Normality was assessed for each group using the Shapiro–Wilk test, revealing significant deviations in the Spanish Brain (p < 0.001), Spanish Fable (p < 0.001), and Ukrainian Brain (p = 0.005) groups, while other groups did not deviate significantly (p > 0.05). Levene’s test confirmed homogeneity of variances across groups (F(5, N) = 0.34, p = 0.887). These results justified the use of non-parametric methods for subsequent analyses.
The Kruskal–Wallis test revealed statistically significant differences among the six groups (χ2(5) = 68.47, p < 0.001). Post hoc pairwise comparisons were conducted using the Mann-Whitney U test with Bonferroni-adjusted p-values to control for Type I error. Significant differences were identified in both activities (Table 2). For the Brain activity, significant differences were observed between the Control Brain and Spanish Brain groups (p < 0.001), as well as between Control Brain and Ukrainian Brain (p < 0.001). For the Fable activity, significant differences were found between Control Fable and Spanish Fable (p < 0.001), Control Fable and Ukrainian Fable (p < 0.05), and Spanish Fable and Ukrainian Fable (p < 0.001).
These results suggest that STTT improved comprehension among Ukrainian students, enabling them to outperform control groups in both activities and effectively reduce language barriers.
The effect size analysis (Cliff’s Delta) suggests significant and large effects for several group comparisons, highlighting the potential impact of the intervention on the Ukrainian children (Table 3). The use of the STTT with Ukrainian children revealed a large effect size when comparing Ukrainian Brain and Ukrainian Fable groups to the Control Brain and Control Fable groups. Specifically, the comparison between Control Brain and Ukrainian Brain yielded a Cliff’s Delta of −0.828 (p < 0.001), while the comparison between Control Fable and Ukrainian Fable produced a Cliff’s Delta of 0.940 (p < 0.001). These findings indicate a substantial improvement in performance in the Ukrainian group for both activities.
Comparisons between the Ukrainian Brain and Ukrainian Fable groups themselves revealed only small effect sizes (|d| = 0.083, p = 0.706), indicating that performance differences within the Ukrainian group were minimal. Similarly, comparisons within the Spanish groups also yielded small to medium effect sizes, such as for Spanish Brain versus Spanish Fable (|d| = 0.085, p = 0.642).
In summary, the analysis suggests large and statistically significant effects of the STTT intervention on Ukrainian children, although limitations in control group composition and the low number of participants should be taken into account.
Qualitative analysis of teachers’ testimonials
The analysis of the semi-structured interviews was structured around the five predefined themes corresponding to the interview questions: (1) teachers’ experiences with the STTT, (2) its impact on students’ learning and participation, (3) technical and pedagogical challenges, (4) areas for improvement, and (5) recommendations for other teachers. These themes, along with their interrelations, are visually represented in Figure 2, which provides an overview of the relationships between the main categories and subcategories derived from the coding process.
Figure 2. Thematic map of teachers’ experiences, challenges, and recommendations related to the STTT system. The diagram represents the results of the qualitative analysis of transcriptions from the responses of five teachers after using the STTT system.
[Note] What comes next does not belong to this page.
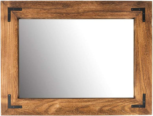 Rustic Wood Framed Wall Mirror 32 Inch Brown Vanity

Teachers’ experiences with the STTT system were predominantly positive. Participants highlighted the tool’s potential to enhance classroom communication in multilingual contexts, although initial uncertainty was common. For example, one teacher stated, ‘My initial expectations were not very high because I didn’t know how it worked’ Despite these reservations, the system quickly suggested its utility, with teacher participants reporting positive surprises, such as improved student engagement. As one teacher remarked, ‘From the very first moment, I noticed they connected somewhat with the class’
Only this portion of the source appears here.